Every line of the listing below is to be duplicated exactly, with the pictures left out.

*Input data*.

________________________________________

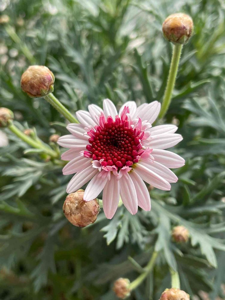 その子も冬越ししてアフロヘアのようにこんもりと…最近チラホラ咲いてきました🌸 もう少し咲いたらupしようと思います🥰
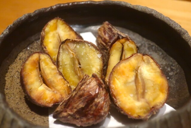 綺麗に鬼皮を取り除き、素揚げをしたことで渋皮もパリッと食べられる状態に。
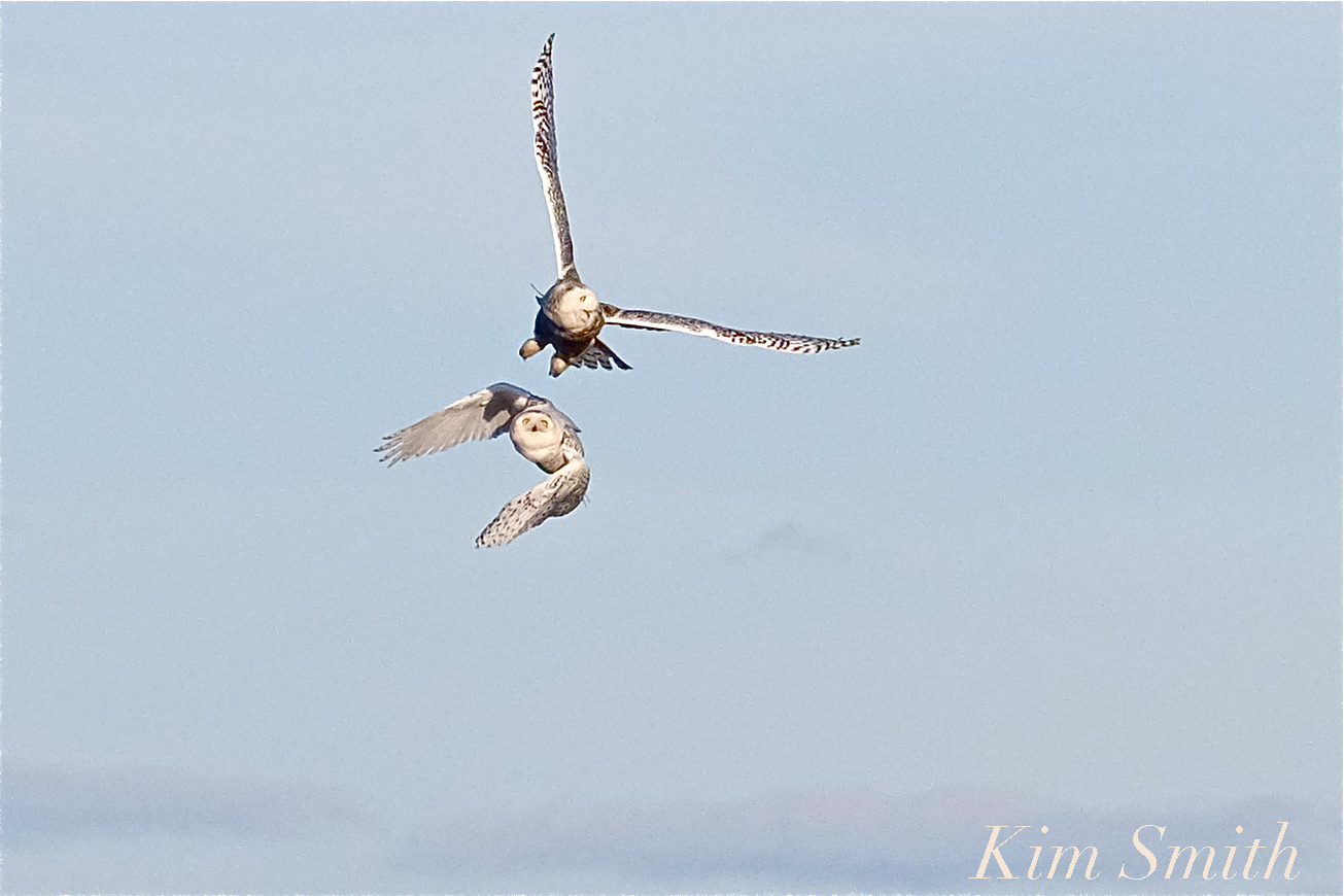 Snowy Owl Female Male Fight -7 Gloucester MA copyright Kim Smith
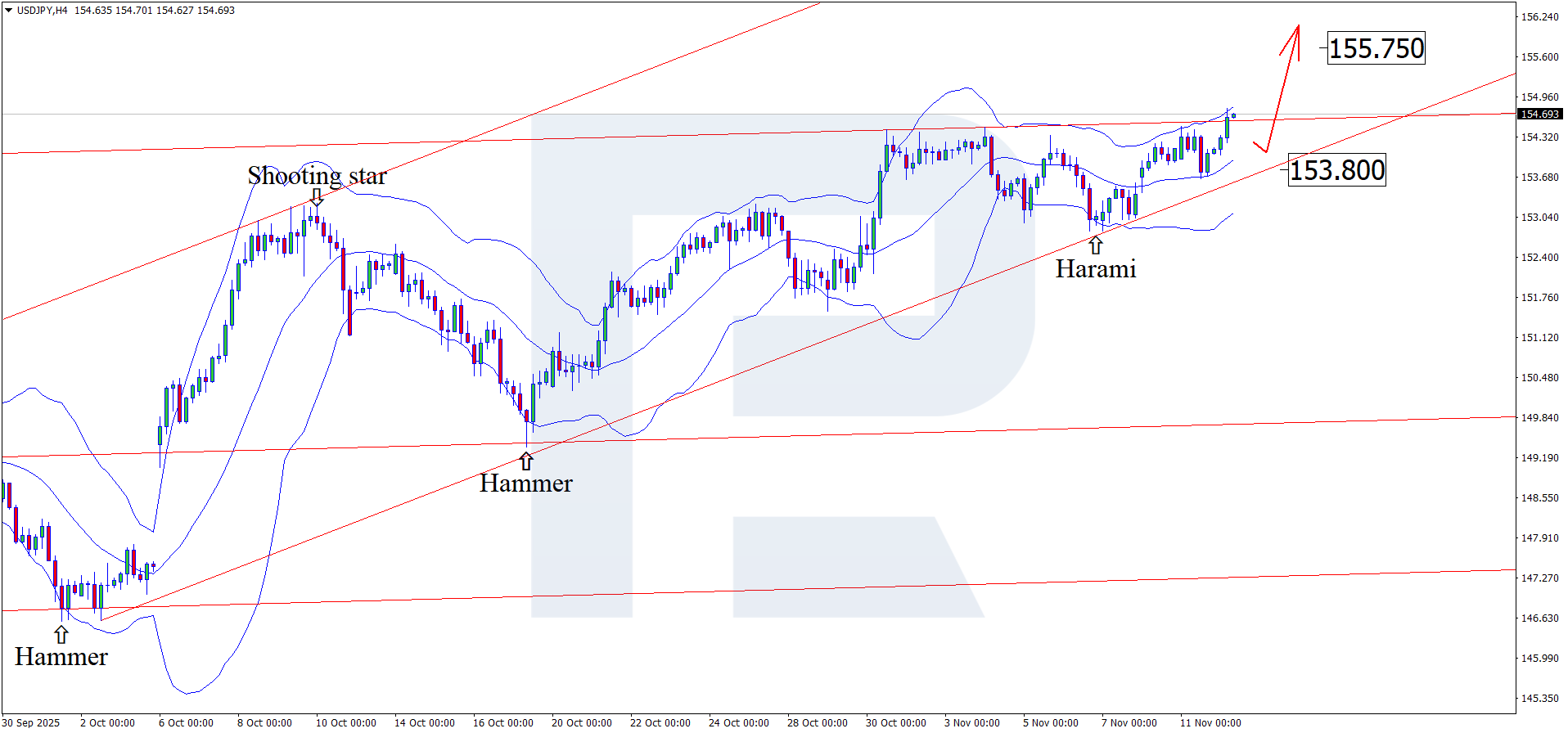 The forecast for 12 November 2025 shows that the USDJPY pair, having set another 2025 price record, continues its upward momentum and is trading around 154.60.

________________________________________

*Answer area*.
 その子も冬越ししてアフロヘアのようにこんもりと…最近チラホラ咲いてきました🌸 もう少し咲いたらupしようと思います🥰
 綺麗に鬼皮を取り除き、素揚げをしたことで渋皮もパリッと食べられる状態に。
 Snowy Owl Female Male Fight -7 Gloucester MA copyright Kim Smith
 The forecast for 12 November 2025 shows that the USDJPY pair, having set another 2025 price record, continues its upward momentum and is trading around 154.60.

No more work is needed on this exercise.